Only the lines from the top of the listing below through the line containing "ciliegino a grappolo" should be output, exactly and with no pictures.

--- Available data Enclosed Below ---

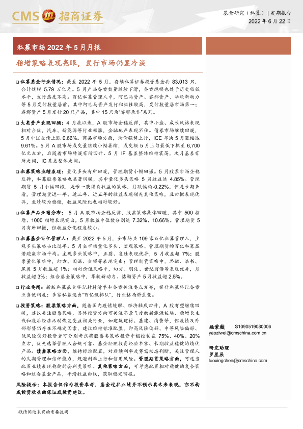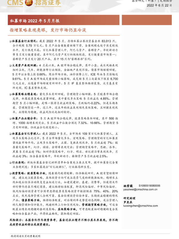 【海通证券】【20220622】私募市场2022年5月月报:指增策略表现亮眼,发行市场仍显冷淡-17页
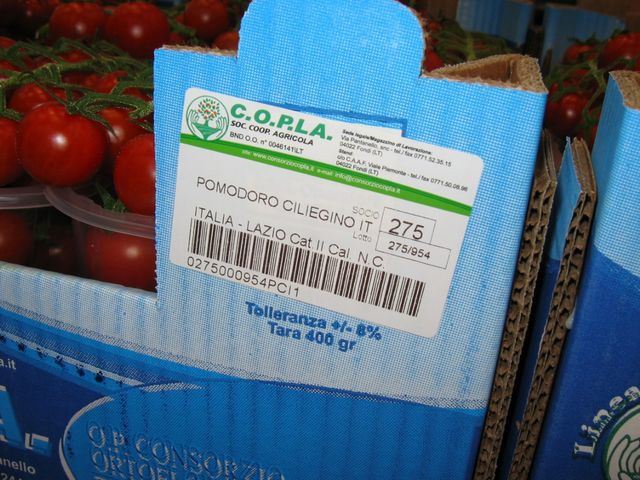 "Il ciliegino a grappolo viene confezionato in cassette, sotto il marchio C.O.P.LA Alta Qualità. La varietà che qui vediamo è il pomodoro cherry "Shiren" dell'azienda sementiera Cois94."
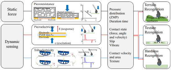 In recent years, new applications demanded new features, such as mechanical flexibility and conformability, and accordingly, new designs and materials for robotic tactile sensing. Diversified flexible sensors, such as a tactile sensor array [14], three-axis force sensor [15], slip detection sensor [16], and texture surface recognition sensor [17], can help robots get environmental information. While the development of tactile sensors for robotic fingertips and hands continued, the application areas, such as motion planning in an unstructured environment, brought whole-body sensing to the fore [18]. In this study, we try to integrate rich tactile information, such as slippage, contact state, texture, and hardness, into a multimodal sensor for giving robots the ability to directly haptic sensing. G. Cheng et al. reported a multimodal sensor integrating proximity, normal force, acceleration, and temperature for humanoid robots [19]. However, in-plane integration of different sensors leads to heterogeneity at different points and cuts off the connection between multimodal messages. Multilayered sensor arrays in a 3D lattice allow greater integration and synchronicity of different sensor modalities that are better suited for the robot sole. Z. Huang et al. reported a stretchable human–machine interface with a four-layer design that offered multimodal sensing [20]. H. Chen et al. developed an electronic skin based on the piezoelectric and triboelectric effects that can sense minuscule stimuli and respond very fast [21]. Overall, the idea of a multimodal sensor is appealing and novel due to the inherent importance of contact sensing for legged robot control, estimation algorithms, contact switch detection, and so on. It is challenging to apply these intricate electronic skin devices into a complex natural environment, especially as a sole sensor. The fabrication and integration of electronic skin with a high spatiotemporal resolution that is lightweight provides tremendous potential applications.
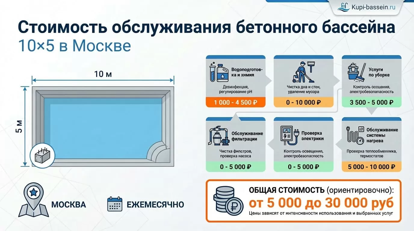 Владение большим бетонным бассейном, таким как 10х5 метров, — это удовольствие, требующее системного подхода и определенных затрат. Многие владельцы в Москве и Московской области интересуются, какая сумма нужна ежемесячно для поддержания чаши в идеальном состоянии. Kupi-bassein.ru подготовил для вас подробный расчет, основанный на реальных ценах и условиях.

--- End of Enclosed Available data ---

* **Written response**
 【海通证券】【20220622】私募市场2022年5月月报:指增策略表现亮眼,发行市场仍显冷淡-17页
 "Il ciliegino a grappolo viene confezionato in cassette, sotto il marchio C.O.P.LA Alta Qualità. La varietà che qui vediamo è il pomodoro cherry "Shiren" dell'azienda sementiera Cois94."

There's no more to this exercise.